The answer is no, you are not only half a person left behind. It’s not that simple. Yes, part of you is gone. I’ll admit that. I think you should own that, and that’s sad. Part of you is gone. Only he could draw out of you certain desires, certain kinds of laughter, anger, peace, and countless other inner responses that you can’t even put into words. He had become so embedded in your life that for him to be absent is, yes, for part of you yourself to be absent. That’s true. Things will never be just the same again. And it would dishonor him to think that they should be.

But consider this: not all that you became by union with him is lost. You know it’s not. You became a wiser, deeper, better person because of life with him. He did not take all of that with him when he left. You know he didn’t. You know who you are. And what you became through him is not less, but more than you were before he entered your life. God has not made you less, but more.

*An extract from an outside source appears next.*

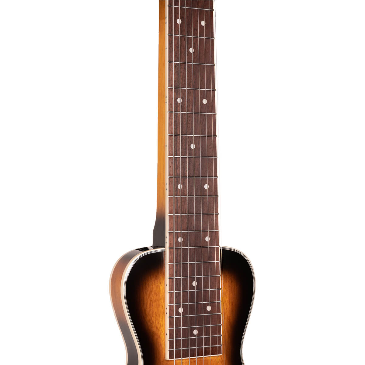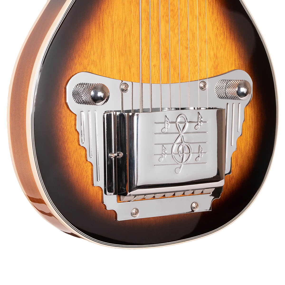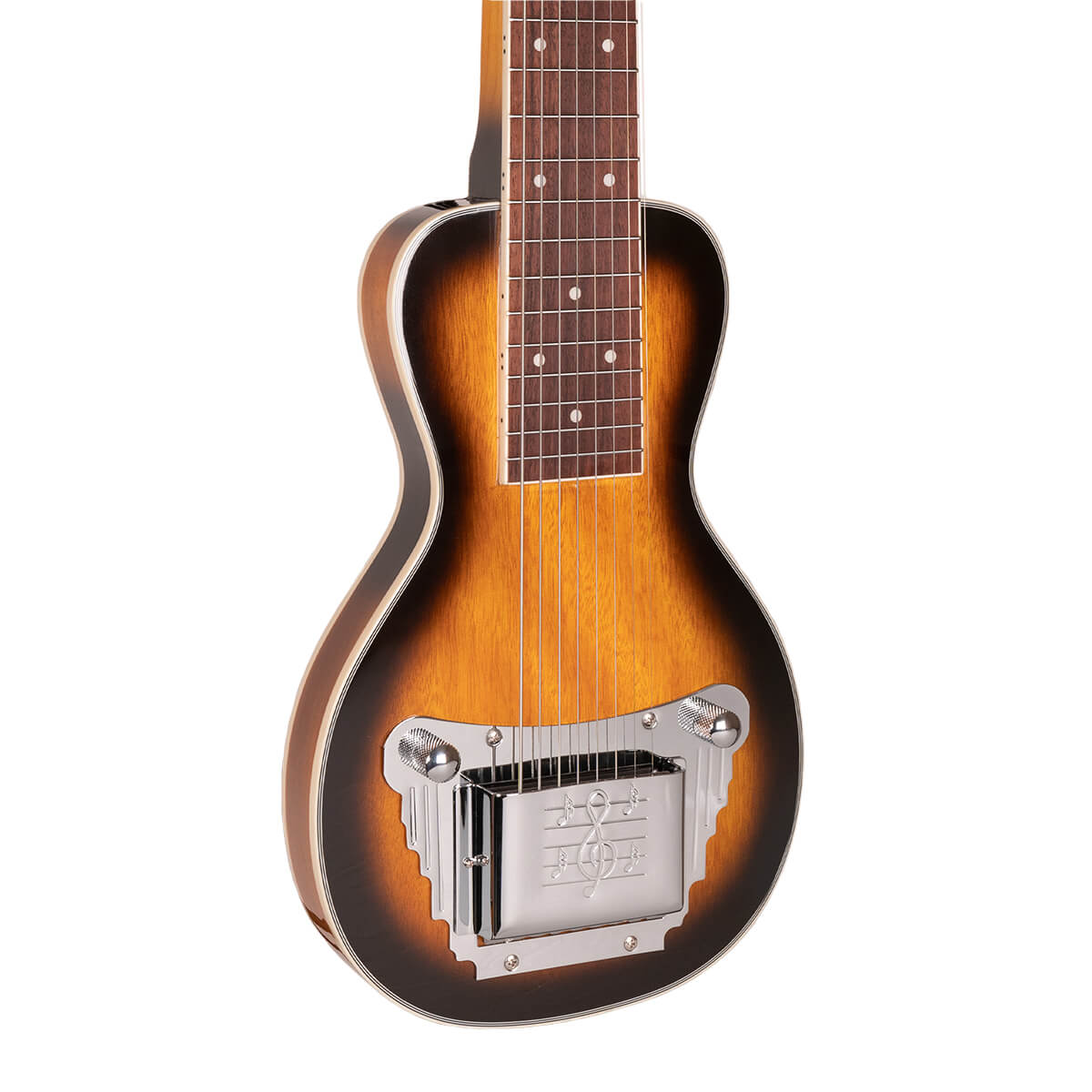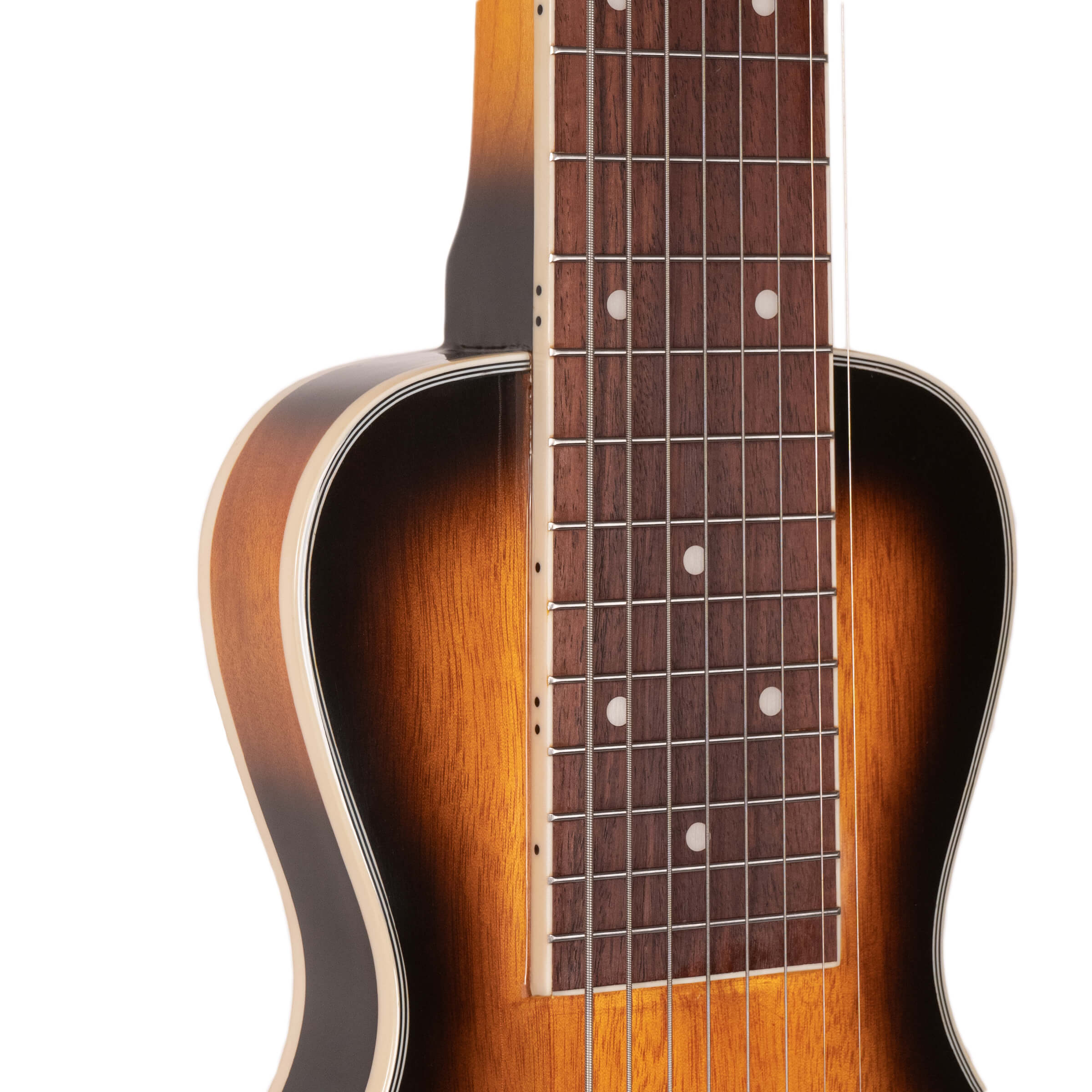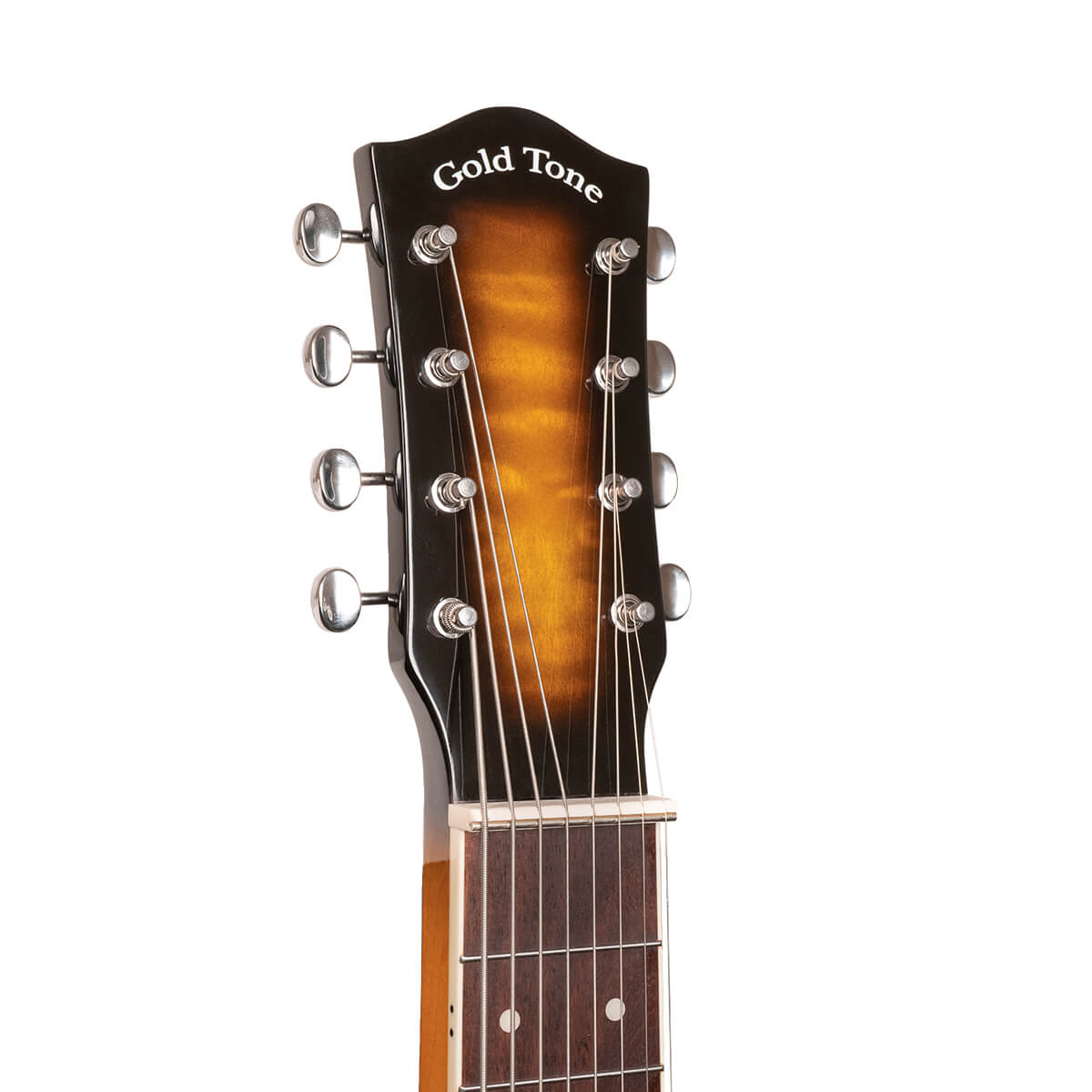 The Gold Tone LS-8 evokes the Oahu Tonemaster, one of the most revered lap steels of the 1950s. Our version is so close to the original that owners of Oahu instruments buy LS-8 pickups and hardware from us for use in the restoration of their prized guitars. The LS-8 is set up for F6 tuning (DFACDFAC) but other tunings can be accommodated by installing strings that are gauged for those tunings. Available as left-handed model.

Things will never be the same. That’s true. But God’s call on your life now is to be the person you became through love with your husband, for the glory of God.

I would just like to repeat a couple of things that John Piper said… we do not know clearly what heaven will be like. But we do understand from Scripture that it is better than anything we have experienced in this life! That should give us even greater hope for what is to come.